AO ESPREGUIÇAR DO SOL

LIZZIANE NEGROMONTE AZEVEDO| Monteiro, PB.

Advertisement

29

Inácio caminhava levando uma enxada nas costas e um saco em

uma das mãos. Era noite. A lua e as estrelas iluminavam-lhe a passagem. Àquela hora não costumava passar gente por ali. Em sítio dorme-se com as galinhas. A cada passo, a chinela arrastando e levantando poeira, ele pensava mais fortemente no desejo que o consumia. Ele não sabia lidar com essas coisas de sentimento. Fora

criado no meio do mato. Falava pouco. Não tinha estudo. Por onde andava ficava pelos cantos, feito bicho acuado. O chapéu sempre baixo, cobrindo-lhe os olhos. Quem o via não o mirava por muito tempo, com medo não só da sua figura obtusa como do facão sempre à cintura. Razão pela qual tinha fama de ser cabra valente. Não podia ser diferente, capataz que se preze anda armado. Apesar da casca dura que o revestia, Inácio era todo amor, desde que conheceu Josefa. Tentou falar com a moça diversas vezes, mas sem sucesso. Faltava-lhe a voz, fugia-lhe o ar. O máximo que conseguia era acenar de cima do cavalo ao passar pela barragem onde ela lavava roupas. Ele ficava furibundo por causa disso. “Frouxo! Tu é um frouxo mesmo, besta!”, xingava-se com raiva. E mais envenenado ficou quando viu, pela manhã, outro conversando com a sua “Zefinha”. O sangue subiu-lhe ligeiro e quente. Pegou no cabo do facão por instinto. “Maldito!”, praguejava em voz baixa, longe do casal. Pronto. Isso foi suficiente para que ele saísse noite adentro com uma enxada nos ombros e um saco nas mãos. Durante o trajeto falava sozinho: “De hoje não passa!”, “Eu cegue se não fizer isso hoje!” Quando avistou a casa de Josefa, silenciosa e calma em seu sono, estremeceu, mas não desistiu. A casa era rodeada por samambaias, suculentas, coroas de frade, espadas de São Jorge e outros tantos de plantas. Era um verdadeiro oásis no meio daquele tempo seco e poeirento. Josefa morava sozinha e adorava aquelas companhias fotossintéticas. “Ela ia ver só!”, pensava, enquanto tirava as chinelas dos pés.
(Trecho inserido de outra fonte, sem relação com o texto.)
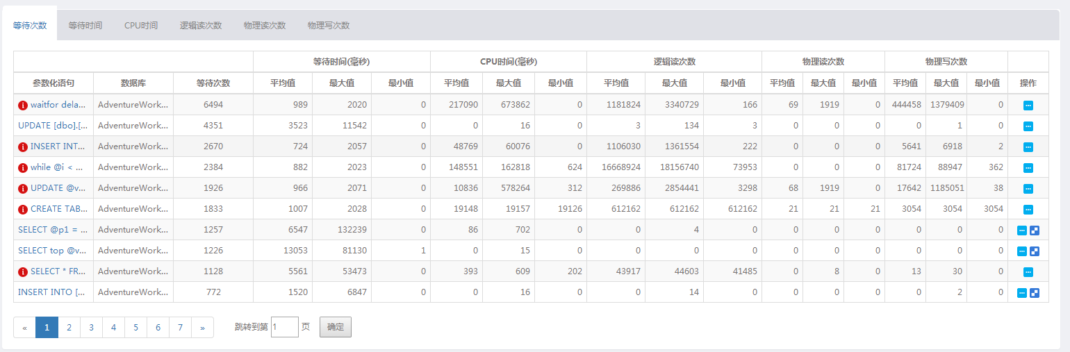 注:这里我们可以根据等待次数、等待时间、消耗的各种资源排序,来多维度分析阻塞的语句类型
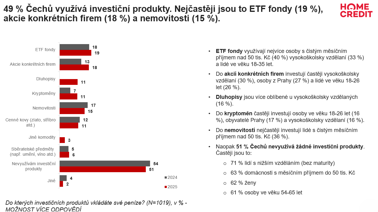 Investování se stává stále populárnější, zejména mezi mladými lidmi a vzdělanými Čechy. Investiční produkty využívá téměř polovina Čechů (49 %). Nejpopulárnější jsou ETF fondy, které využívá 19 % respondentů, mezi lidmi s příjmem nad 50 000 Kč je to až 40 %. Akcie konkrétních firem preferuje 18 % Čechů, nejčastěji vysokoškoláci (30 %) a mladí ve věku 18–26 let (26 %). Nemovitosti jsou oblíbené zejména mezi lidmi s vyššími příjmy (36 %), zatímco kryptoměny přitahují mladé investory a obyvatele Prahy. Naopak 51 % Čechů neinvestuje vůbec, přičemž nejčastěji jde o ženy, osoby bez maturity a domácnosti s nižšími příjmy.

A ira fazia-o ser rápido, sem deixar de ser silencioso. Num piscar de olhos abriu doze covinhas, formando um

30

pequeno retângulo, bem em frente à janela do quarto de Josefa. Aos poucos foi concluindo o serviço. No dia seguinte daria um belo susto em todo mundo. “Quero mesmo ver se o desgraçado ainda vai procurar por ela!”, ruminava sua angústia. O suor pingava-lhe da testa, mas estava feliz com o trabalho. Contemplou-o admirado e aliviado. Suas mãos ardiam, arranhadas. O sangue brotou de uma delas ao retirar um espinho encravado. Apesar do cansaço, acreditava que tudo o que fez valeria à pena. Estava feliz e vingado. Juntou tudo o que trouxera e partiu de volta para casa, mas não sem antes deixar um pedaço de madeira no local com um nome garatujado com carvão: Inácio. Não era covarde, assumia a autoria dos seus feitos. Não dava a ninguém o privilégio da dúvida. Antes mesmo de o sol começar a se espreguiçar, Josefa abriu a janela do quarto. Levantava cedo. Varria o terreiro, tomava um café com bolachas, fazia o almoço, arrumava a casa e seguia para a barragem, onde exercia sua profissão: lavadeira. Ela deu um pulo e benzeu-se, quando finalmente abriu as janelas. Um pequeno roseiral vermelho erguia-se diante dela. Correu para o lugar, curiosa. Leu a placa de madeira e sorriu. O sol finalmente nasceu.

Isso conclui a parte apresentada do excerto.